The Word of the Lord abides forever, and the gates of hell do not prevail against Christ’s Church (Matthew 16:18). No such promises are made either about the decrees of human teachers or about the Lutheran Church—Missouri Synod, much less its Texas District or our Circuit. Yet, that such human teaching and organizations might not last forever should not frighten us. Knowing that God’s Word and Church do last forever, by God’s grace, we endeavor to preach God’s Gospel purely and administer God’s Sacraments rightly. We regularly receive the Sacraments and attend to the Gospel, attend both to the Gospel’s preaching in the Divine Service and its teaching in Bible Classes and Bible Studies, regardless of what we think of the preacher or teacher, for, as we heard in today’s Epistle Reading, our faith rests not in the wisdom of men but in the power of God.

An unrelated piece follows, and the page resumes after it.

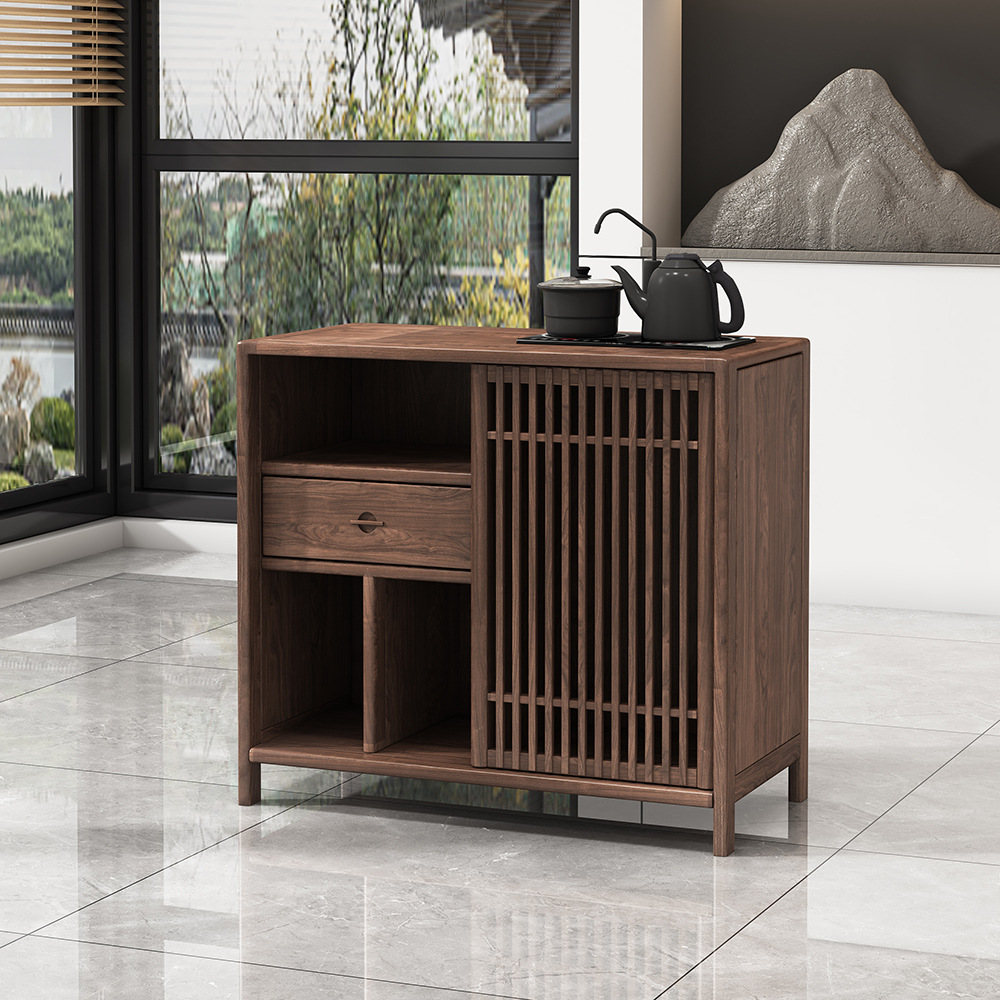 Su Mao 新中国風無垢材ティーキャビネットモダンティーテーブルティーサイドキャビネットホームモバイルリビングルーム小型水沸騰キャビネット

By way of God’s “Absolute law and Absolute Gospel”, with the fullest-possible appreciation of God’s law and our sin’s leading to the fullest-possible appreciation of God’s Gospel and His forgiveness, God transforms us so that we are the salt of the earth and the light of the world, with people’s ideally seeing the good works that God works in us and giving glory to our Father Who is in heaven. We do not do such good works in order to be seen by others (Matthew 6:1), nor do we do works to please others, much less to give offense to others. The spread of the Gospel by our good works is God’s intent and ultimately His work, and we do not despair if the Gospel does not appear to us to be spreading. We do not despair no matter our circumstances, for what God has done for us in His Son Jesus Christ “is enough”. As we will in today’s Closing Hymn (Lutheran Service Book 468), whose author J-J Möller, some time after he wrote the hymn, lost his eyesight but continued to serve as a pastor until he died, we can sing repeatedly, “I am content! I am content!” (Confer 2 Corinthians 12:10; Philippians 4:11.)
Amen.
The peace of God, which passes all understanding, keep your hearts and minds in Christ Jesus. Amen.